SOURCE MATERIAL.
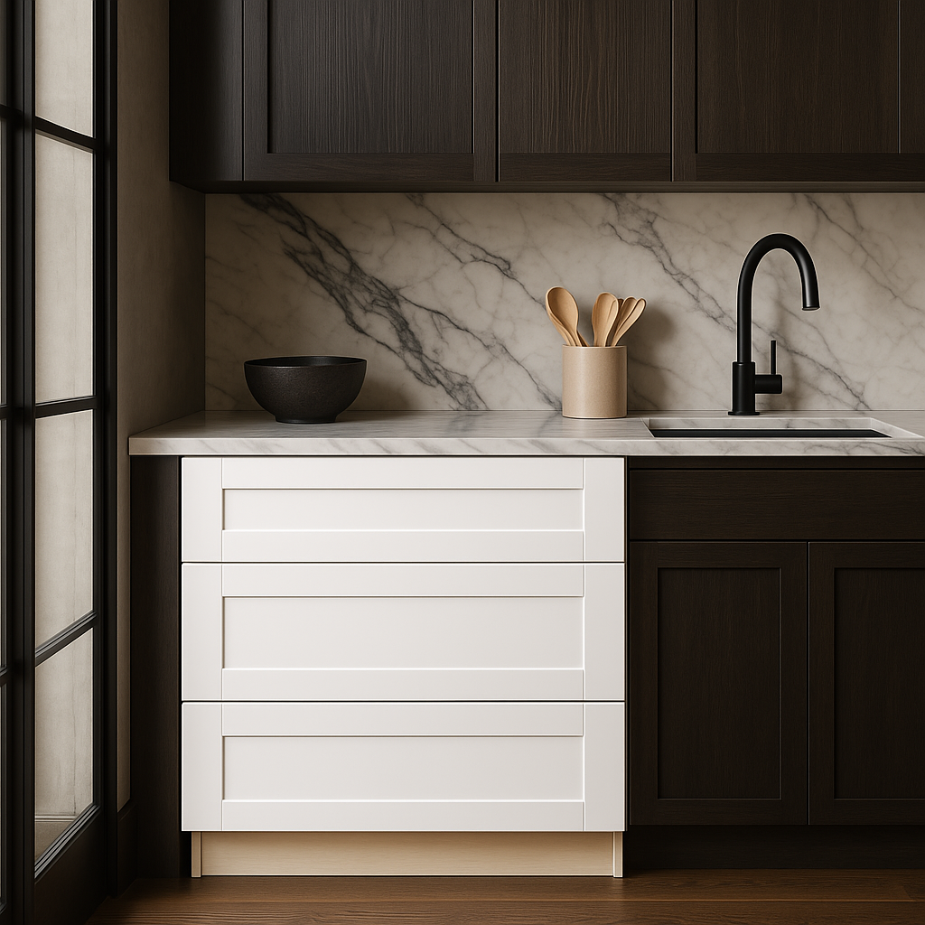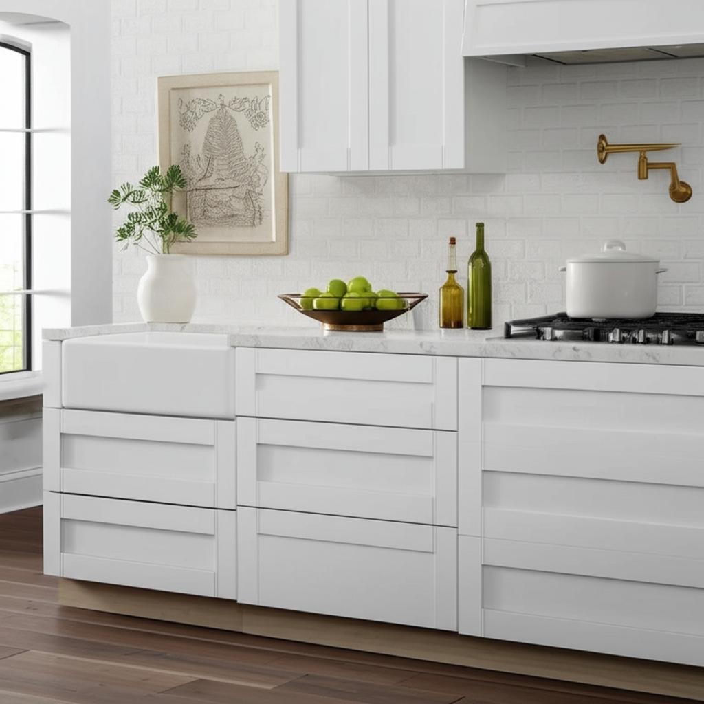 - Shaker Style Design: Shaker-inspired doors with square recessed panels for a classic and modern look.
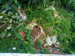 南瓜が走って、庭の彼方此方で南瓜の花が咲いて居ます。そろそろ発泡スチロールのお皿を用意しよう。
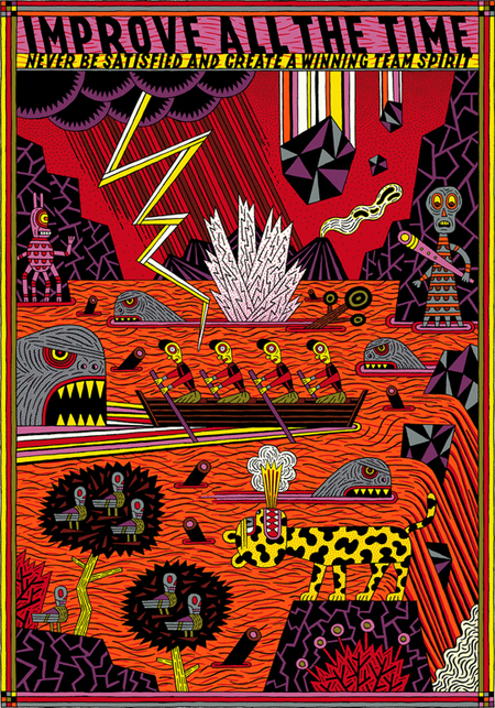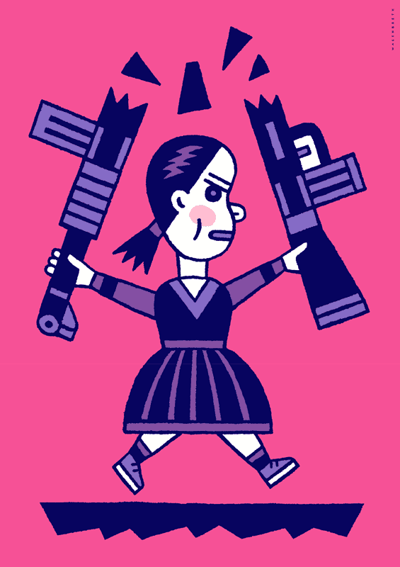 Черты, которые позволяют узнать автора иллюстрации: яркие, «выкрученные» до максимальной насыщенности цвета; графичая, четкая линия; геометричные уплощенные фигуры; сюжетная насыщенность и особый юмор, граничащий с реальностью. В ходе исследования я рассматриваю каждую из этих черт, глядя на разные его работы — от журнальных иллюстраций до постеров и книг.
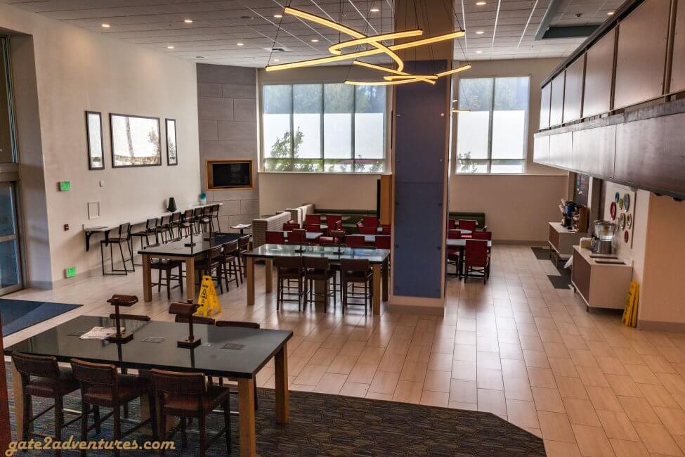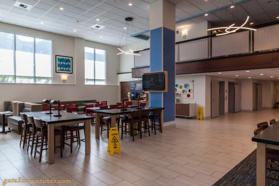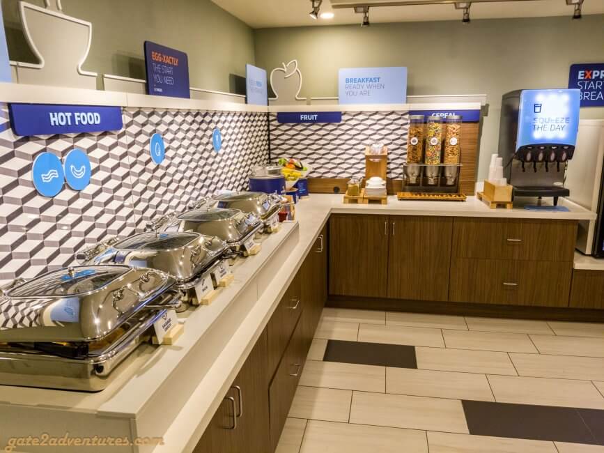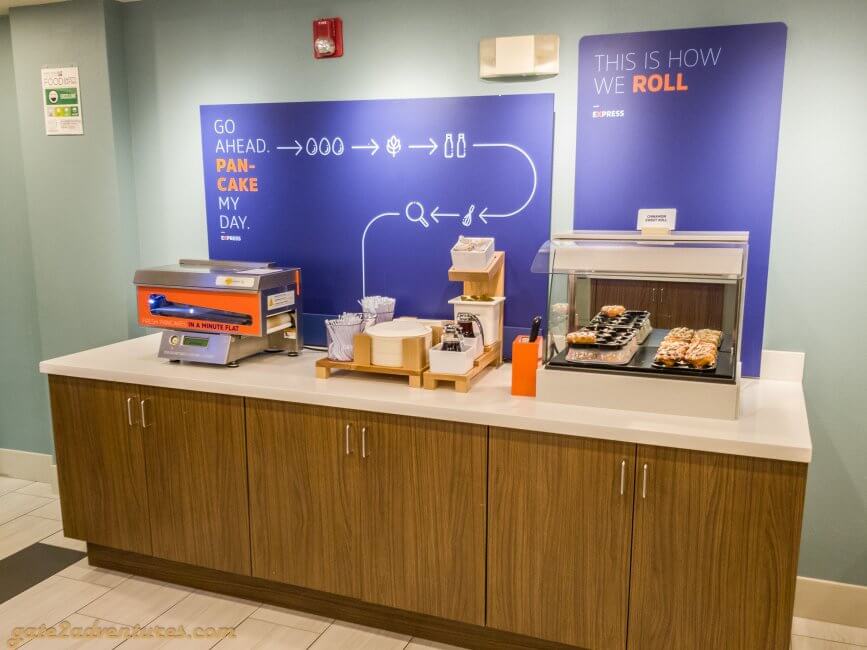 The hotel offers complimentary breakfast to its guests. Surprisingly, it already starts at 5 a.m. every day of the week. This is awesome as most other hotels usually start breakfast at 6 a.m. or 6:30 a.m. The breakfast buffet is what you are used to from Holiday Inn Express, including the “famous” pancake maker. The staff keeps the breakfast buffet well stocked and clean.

==

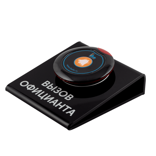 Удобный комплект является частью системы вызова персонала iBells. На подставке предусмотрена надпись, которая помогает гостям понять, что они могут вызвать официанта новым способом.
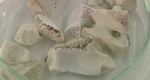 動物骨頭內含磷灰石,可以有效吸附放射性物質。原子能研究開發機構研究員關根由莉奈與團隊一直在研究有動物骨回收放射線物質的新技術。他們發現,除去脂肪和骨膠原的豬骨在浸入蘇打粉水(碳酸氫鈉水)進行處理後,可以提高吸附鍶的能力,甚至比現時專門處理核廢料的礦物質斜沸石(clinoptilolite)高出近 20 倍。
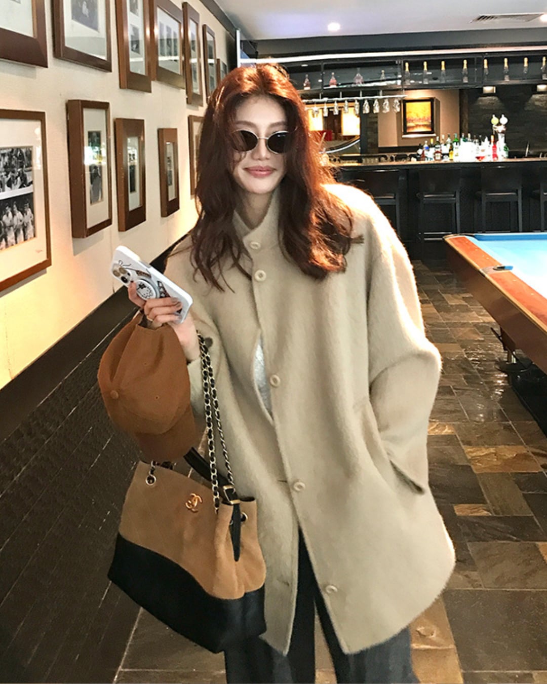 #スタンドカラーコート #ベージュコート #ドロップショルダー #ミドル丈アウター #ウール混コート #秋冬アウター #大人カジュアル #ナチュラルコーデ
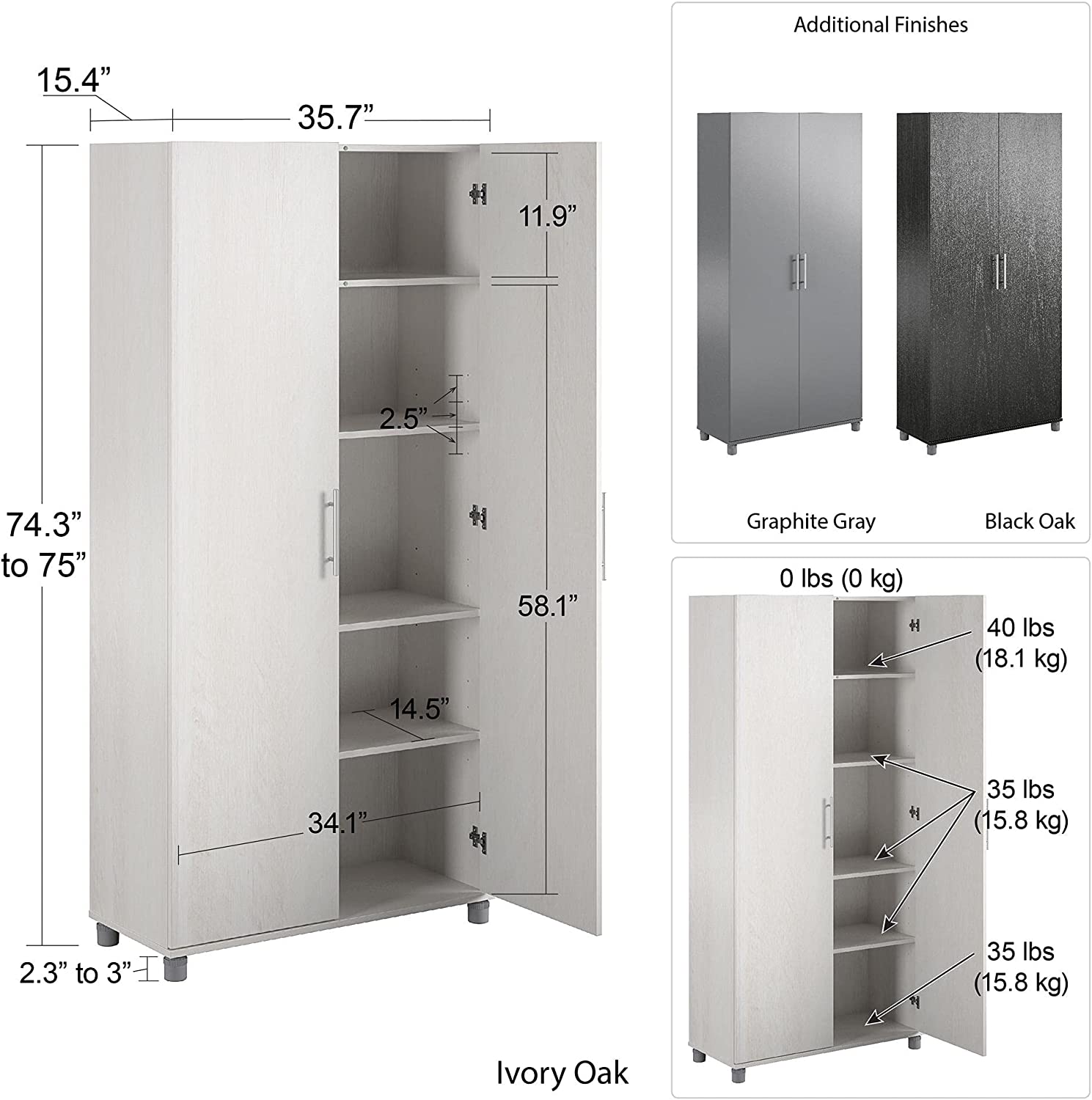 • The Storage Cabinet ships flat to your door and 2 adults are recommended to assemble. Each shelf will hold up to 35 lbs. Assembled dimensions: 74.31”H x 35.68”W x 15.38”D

...

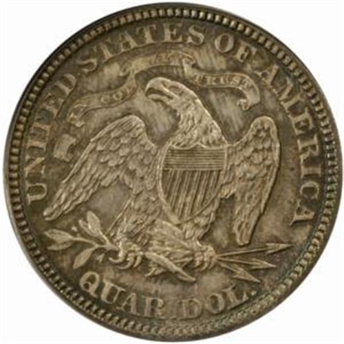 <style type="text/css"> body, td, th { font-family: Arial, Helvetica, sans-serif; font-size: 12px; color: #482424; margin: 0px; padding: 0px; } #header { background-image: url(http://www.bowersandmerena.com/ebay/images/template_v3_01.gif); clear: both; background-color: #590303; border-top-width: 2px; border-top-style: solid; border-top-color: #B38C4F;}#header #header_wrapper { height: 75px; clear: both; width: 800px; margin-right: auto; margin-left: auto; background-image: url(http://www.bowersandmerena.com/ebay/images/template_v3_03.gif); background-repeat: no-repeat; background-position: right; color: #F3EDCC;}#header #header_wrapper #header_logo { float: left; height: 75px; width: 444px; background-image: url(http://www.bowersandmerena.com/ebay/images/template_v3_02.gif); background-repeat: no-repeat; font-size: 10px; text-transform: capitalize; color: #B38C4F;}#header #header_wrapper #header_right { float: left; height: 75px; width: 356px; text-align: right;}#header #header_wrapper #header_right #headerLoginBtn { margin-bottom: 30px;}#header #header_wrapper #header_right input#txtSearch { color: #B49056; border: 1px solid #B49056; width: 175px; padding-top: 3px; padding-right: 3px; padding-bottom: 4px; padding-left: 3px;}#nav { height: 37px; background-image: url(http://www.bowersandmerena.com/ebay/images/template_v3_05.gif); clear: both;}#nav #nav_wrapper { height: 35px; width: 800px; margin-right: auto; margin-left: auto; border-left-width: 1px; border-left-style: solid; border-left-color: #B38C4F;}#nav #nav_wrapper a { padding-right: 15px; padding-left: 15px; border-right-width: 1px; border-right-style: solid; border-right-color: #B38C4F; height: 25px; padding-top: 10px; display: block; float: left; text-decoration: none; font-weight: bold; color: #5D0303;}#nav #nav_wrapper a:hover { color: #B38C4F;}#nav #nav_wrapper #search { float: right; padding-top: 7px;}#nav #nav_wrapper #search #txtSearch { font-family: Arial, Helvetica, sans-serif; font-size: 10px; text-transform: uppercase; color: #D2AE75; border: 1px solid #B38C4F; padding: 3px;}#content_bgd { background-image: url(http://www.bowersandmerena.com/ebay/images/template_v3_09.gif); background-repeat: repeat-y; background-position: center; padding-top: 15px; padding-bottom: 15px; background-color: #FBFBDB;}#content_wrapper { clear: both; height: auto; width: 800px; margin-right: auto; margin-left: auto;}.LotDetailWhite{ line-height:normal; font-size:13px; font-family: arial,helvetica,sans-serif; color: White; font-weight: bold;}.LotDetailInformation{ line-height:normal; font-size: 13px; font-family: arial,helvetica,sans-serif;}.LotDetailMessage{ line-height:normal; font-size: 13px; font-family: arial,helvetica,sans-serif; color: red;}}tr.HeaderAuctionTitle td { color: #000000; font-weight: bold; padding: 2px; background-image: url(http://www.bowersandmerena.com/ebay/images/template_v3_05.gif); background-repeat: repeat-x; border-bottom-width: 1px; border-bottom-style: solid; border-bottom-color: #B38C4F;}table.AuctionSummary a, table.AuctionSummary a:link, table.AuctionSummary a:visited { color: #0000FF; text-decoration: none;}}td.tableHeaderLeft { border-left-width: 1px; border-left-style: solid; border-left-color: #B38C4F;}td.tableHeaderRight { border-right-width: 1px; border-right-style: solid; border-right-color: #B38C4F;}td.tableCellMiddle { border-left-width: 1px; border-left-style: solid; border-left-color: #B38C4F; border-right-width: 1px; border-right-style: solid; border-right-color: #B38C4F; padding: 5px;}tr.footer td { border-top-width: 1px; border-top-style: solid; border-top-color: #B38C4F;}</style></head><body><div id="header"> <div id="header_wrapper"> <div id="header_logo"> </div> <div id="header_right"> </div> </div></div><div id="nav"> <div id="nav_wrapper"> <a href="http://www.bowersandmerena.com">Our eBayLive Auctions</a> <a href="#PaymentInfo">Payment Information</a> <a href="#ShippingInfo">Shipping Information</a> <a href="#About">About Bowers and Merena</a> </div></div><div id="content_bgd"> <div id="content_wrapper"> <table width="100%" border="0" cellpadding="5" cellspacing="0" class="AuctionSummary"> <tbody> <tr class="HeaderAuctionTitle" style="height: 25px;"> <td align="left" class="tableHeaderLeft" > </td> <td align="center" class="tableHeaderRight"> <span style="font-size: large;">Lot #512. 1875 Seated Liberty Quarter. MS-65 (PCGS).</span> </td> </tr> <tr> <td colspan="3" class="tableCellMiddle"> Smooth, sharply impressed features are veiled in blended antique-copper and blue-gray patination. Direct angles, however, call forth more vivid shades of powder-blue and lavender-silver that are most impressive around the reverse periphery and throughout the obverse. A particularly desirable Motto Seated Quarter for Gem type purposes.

PROMPT. Look back at the data above, then output exactly the lines from the line holding "南瓜が走って、庭の彼方此方で" up to and including the line holding "The hotel offers". Leave out the pictures.

WRITTEN RESPONSE.
 南瓜が走って、庭の彼方此方で南瓜の花が咲いて居ます。そろそろ発泡スチロールのお皿を用意しよう。
 Черты, которые позволяют узнать автора иллюстрации: яркие, «выкрученные» до максимальной насыщенности цвета; графичая, четкая линия; геометричные уплощенные фигуры; сюжетная насыщенность и особый юмор, граничащий с реальностью. В ходе исследования я рассматриваю каждую из этих черт, глядя на разные его работы — от журнальных иллюстраций до постеров и книг.
 The hotel offers complimentary breakfast to its guests. Surprisingly, it already starts at 5 a.m. every day of the week. This is awesome as most other hotels usually start breakfast at 6 a.m. or 6:30 a.m. The breakfast buffet is what you are used to from Holiday Inn Express, including the “famous” pancake maker. The staff keeps the breakfast buffet well stocked and clean.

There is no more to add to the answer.